Published in Gowda, C.H., & Viswanathan, R. (1995). Robustness of decentralized tests with ε-contamination prior. IEEE Transactions on Information Theory, 41(4), 1164 - 1169. doi: 10.1109/18.391263 ©1995 IEEE. Personal use of this material is permitted. However, permission to reprint/republish this material for advertising or promotional purposes or for creating new collective works for resale or redistribution to servers or lists, or to reuse any copyrighted component of this work in other works must be obtained from the IEEE. This material is presented to ensure timely dissemination of scholarly and technical work. Copyright and all rights therein are retained by authors or by other copyright holders. All persons copying this information are expected to adhere to the terms and constraints invoked by each author's copyright. In most cases, these works may not be reposted without the explicit permission of the copyright holder.

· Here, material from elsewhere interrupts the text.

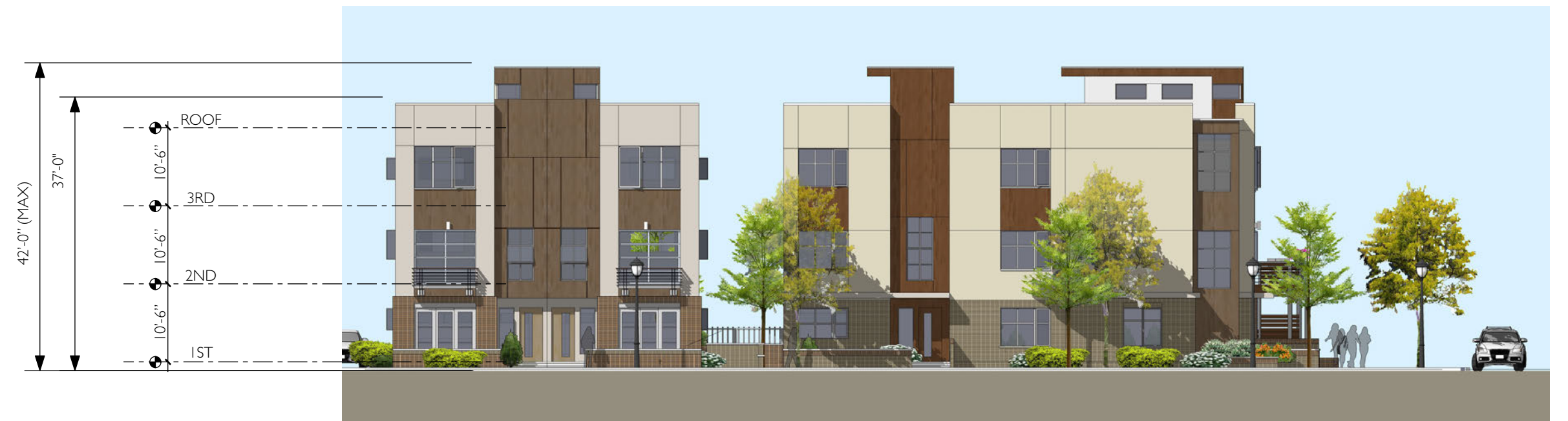
CEDAR STREET ELEVATION

We consider a decentralized detection problem where the prior density is not completely known, but is assumed to belong to an ε-contamination class. The expressions for the infimum and the supremum of the posterior probability that the parameter under question is in a given region, as the prior varies over the ε-contamination class, are derived. Numerical results are obtained for a specific case of an exponentially distributed observation and an exponentially distributed nominal prior. Asymptotic (as number of sensors tends to a large value) results are also obtained. The results illustrate the degree of robustness achieved with quantized observations as compared to unquantized observations.